Why ADHD Matters

The ADHD foundation estimates that over five percent of the UK population have ADHD.

At its best, ADHD is associated with lateral thinking, creativity, innovation, high energy and drive. 

At its worst, ADHD can have a significant negative effect on relationships, schoolwork and performance at work. 

As childhood is time-limited, a schoolchild who cannot fully access the curriculum is at risk of not achieving their potential, which can be miserable and stressful for them and their families and also lead to other negative health and social consequences.

The majority of accurately diagnosed patients respond well to medication.  Early forms of the medication have been available since 1937 and what has changed most since is our understanding of ADHD and how to adjust the medication with precision.


Who Can Manage ADHD?

Some people assume that the competence to manage ADHD is placed exclusively in the domain of Psychiatry and Psychiatrists. 

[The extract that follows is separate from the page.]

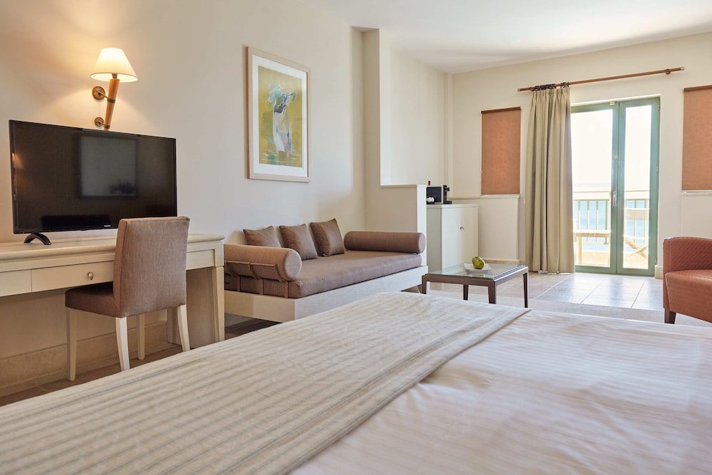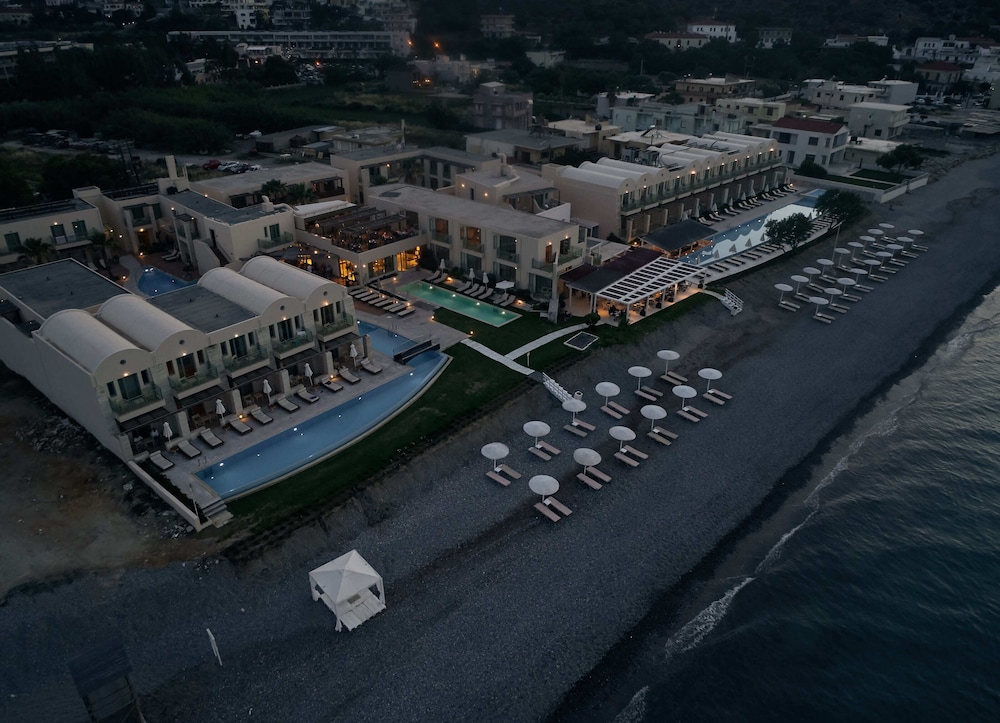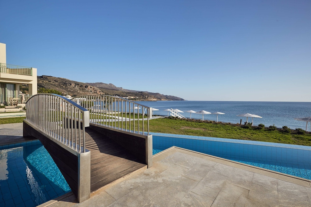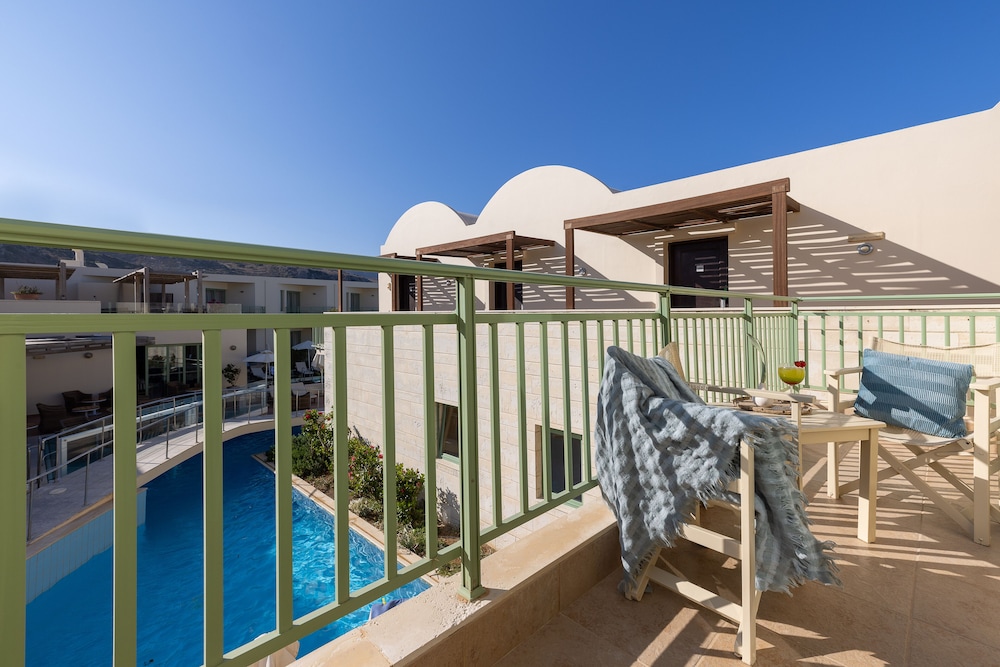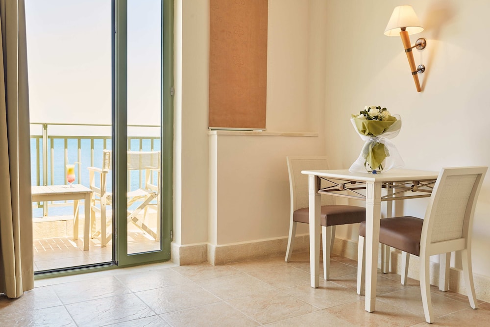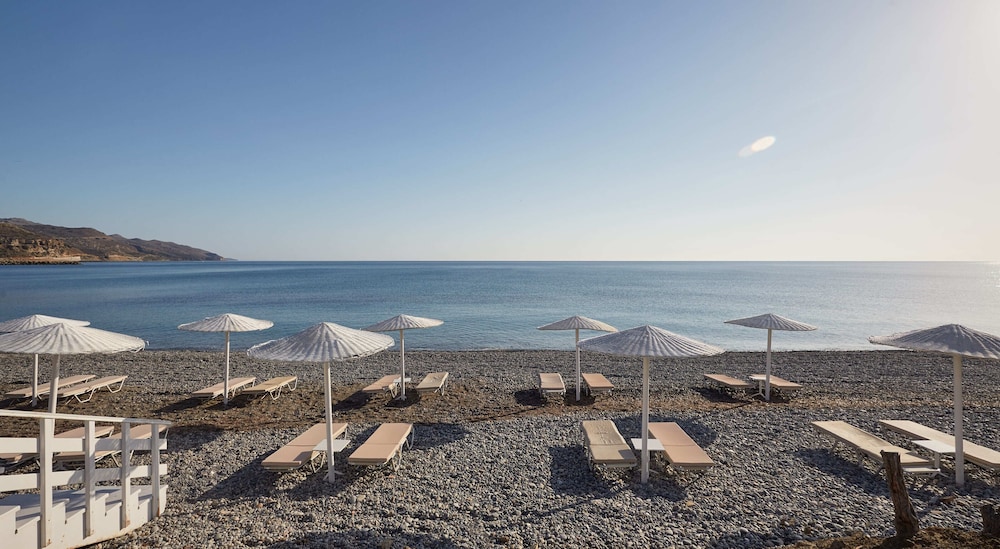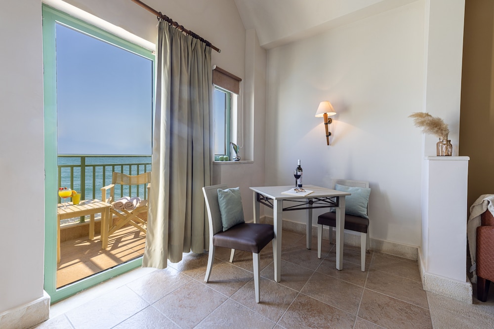 The property is right on the ocean and we had ocean view room. Spectacular! Esp compared to other hotels in the town or Kolymbari. The food was amazing!

Whilst this is broadly true it is not essential to have psychiatric qualifications to work in the field.  It is also worth noting that not all Psychiatrists are trained to manage ADHD. 

The UK ADHD workforce who diagnose ADHD includes Psychiatrists, Specialist Nurses, Psychologists and a handful of GPs.  As the mainstay of treatment is medication, the workforce who prescribe for ADHD excludes Psychologists but includes Psychiatrists, Specialist Nurses with prescribing qualifications and appropriately qualified GPs.

The understanding of ADHD and benefits of treating it have improved significantly over the last 20 years.  The diagnostic rate of ADHD was rising before the Covid pandemic this trend is continuing.  In the UK we now have an extraordinary mismatch between the number of trained clinicians in the country and the huge volume of young people who need diagnosis and treatment.